* What needs to be done *
Leave every picture out and print exactly the lines that run from the one containing "Salah satu infrastruktur" to the end of the listing.

* Recorded data *
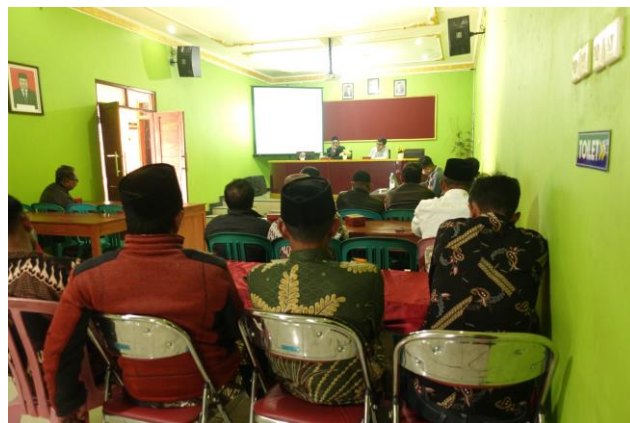
Gambar 2. Musyawarah desa bersama dengan Kepala Desa Pogalan dan tokoh masyarakat.

Salah satu infrastruktur jalan yang akan ditingkatkan yaitu jalan untuk menuju ke makam Desa Pogalan yang terletak di Dusun Derpan. Jalan tersebut saat ini kondisinya masih berupa tanah sehingga pada saat hujan jalan menjadi sangat licin. Kondisi jalan menuju makam Desa Pogalan seperti yang ditunjukkan pada Gambar 3.
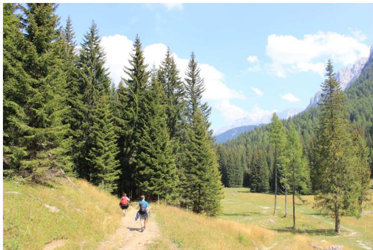
...che si raggiunge scendendo per 30 ' fino alle sponde del lago 1596 m

* Answer to this problem *
Salah satu infrastruktur jalan yang akan ditingkatkan yaitu jalan untuk menuju ke makam Desa Pogalan yang terletak di Dusun Derpan. Jalan tersebut saat ini kondisinya masih berupa tanah sehingga pada saat hujan jalan menjadi sangat licin. Kondisi jalan menuju makam Desa Pogalan seperti yang ditunjukkan pada Gambar 3.
...che si raggiunge scendendo per 30 ' fino alle sponde del lago 1596 m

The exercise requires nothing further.